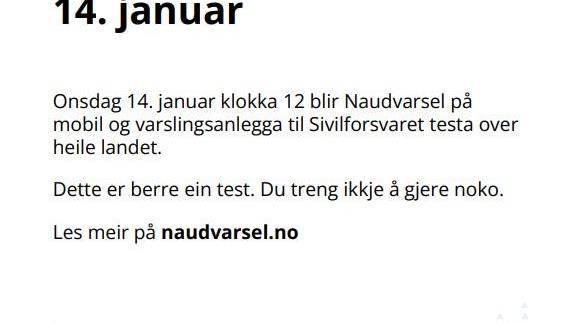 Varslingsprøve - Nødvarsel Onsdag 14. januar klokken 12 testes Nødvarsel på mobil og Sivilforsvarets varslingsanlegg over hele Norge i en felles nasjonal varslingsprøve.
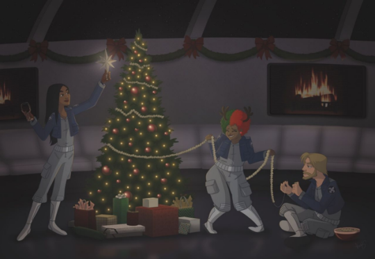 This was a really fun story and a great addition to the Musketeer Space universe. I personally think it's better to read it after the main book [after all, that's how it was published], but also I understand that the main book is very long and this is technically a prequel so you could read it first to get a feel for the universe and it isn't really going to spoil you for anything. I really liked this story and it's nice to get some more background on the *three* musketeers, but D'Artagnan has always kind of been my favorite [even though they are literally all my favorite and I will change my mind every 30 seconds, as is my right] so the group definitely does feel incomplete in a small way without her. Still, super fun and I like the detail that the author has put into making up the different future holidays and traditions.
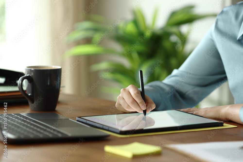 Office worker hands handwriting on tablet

■ AIM OF THE EXERCISE:
Please repeat every line from the listing above exactly as it appears. Drop the pictures.

■ ANSWER SPACE:
 Varslingsprøve - Nødvarsel Onsdag 14. januar klokken 12 testes Nødvarsel på mobil og Sivilforsvarets varslingsanlegg over hele Norge i en felles nasjonal varslingsprøve.
 This was a really fun story and a great addition to the Musketeer Space universe. I personally think it's better to read it after the main book [after all, that's how it was published], but also I understand that the main book is very long and this is technically a prequel so you could read it first to get a feel for the universe and it isn't really going to spoil you for anything. I really liked this story and it's nice to get some more background on the *three* musketeers, but D'Artagnan has always kind of been my favorite [even though they are literally all my favorite and I will change my mind every 30 seconds, as is my right] so the group definitely does feel incomplete in a small way without her. Still, super fun and I like the detail that the author has put into making up the different future holidays and traditions.
 Office worker hands handwriting on tablet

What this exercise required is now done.